If you WANT to carry around a computer that runs Photoshop then get a PC or a Mac laptop. You shouldn't be running that kind of app of a netbook anyway. It would just frustrate you.
Windows 7 running great on Netbooks and is great OS from Microsoft. Google ChromeOS is just another marketing trick to put eyes from Bing threat.
How exactly is Bing a threat to Google? Bing isn't a threat to Yahoo for that matter. The only reason Bing is getting hits is because of media hype, and it won't last. I mean come on, did you actually used Bing and found it useful? Bing is a marketing trick, they're just trying to stay afloat with their increasingly outdated software.
ChromeOS will find it's way into the market, but it won't pose a threat to Win7. Win7 will never run satisfactory on netbooks, and netbooks are meant to be low power notebooks, not a replacement for them. Running a netbook with Win7 is like mounting a natural gas system on a Ferrari.
I think that Microsoft has a lot to worry about.

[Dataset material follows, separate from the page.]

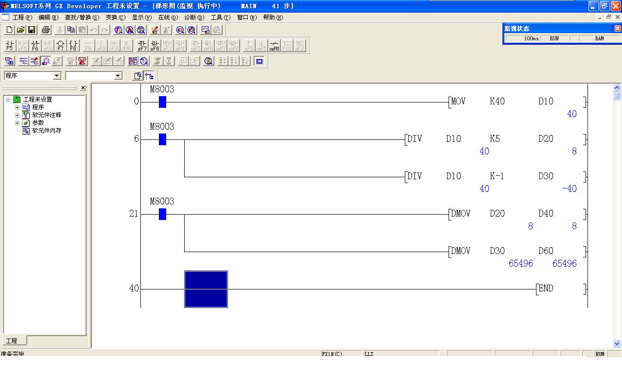 根據(jù)FX1N手冊(cè) [DIV D2 D1 D10]等于D2/D1,得出的數(shù)據(jù)存入[D10 D11]中,存入結(jié)果為32位。
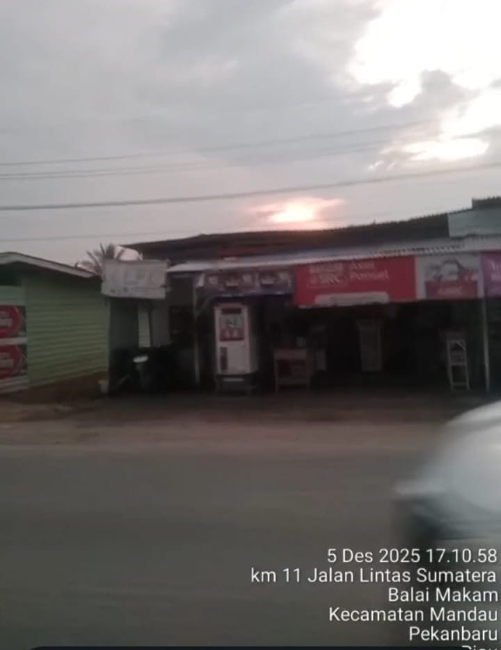 Foto kedua, yang direkam lebih awal pada 21 November 2025 pukul 14.07 WIB, menunjukkan markas operasi yang lebih tersembunyi namun tak kalah masif, di Jalan Duri – Dumai Bumbung.

The idea of desktop dedicated to surf on the internet has been around for a while with the cybercafes ...
... is just that now it is maturing ...
the fact is that today everytime one starts using a OS there is 09.9999 probability of going online ... and probability of 1 that the person is thinking ."... I need to be online...". mobile phones are the best example.
so ... now is the time ... Deskop OS are dinosaurios .... and what happened to them ...? well I dont actually know ... but the best way to see them is on museum.
a situation i'm seeing more frequently now is ms-windows users being more frequently blamed like 'why are you still using this, when there are so obvious better choices out there' than used to be years ago - and as far ms-windows see the facts, they become migrating to Linux, MacOS-X or both - all people will realize the only reason to run ms-WIndows is for testing patience with virus issues, anti-virus efficiency lack and performance affecting the operating system, etc. - '10s will be not a decate for Microsoft if they want to keep their business model, for sure.
I think google should just stick to what its good at. Chrome OS will just be dipping into the linux marketshare. There will never be a OS big enough to take on Microsoft.
OS X.
derp
99% of Google's revenue comes from it's ads/search engine. Everything else is 1% so most things aren't making real money. But Google know that every time they announce something (mostly useless) their stocks go up. It's hype and ChromeOS falls in that category.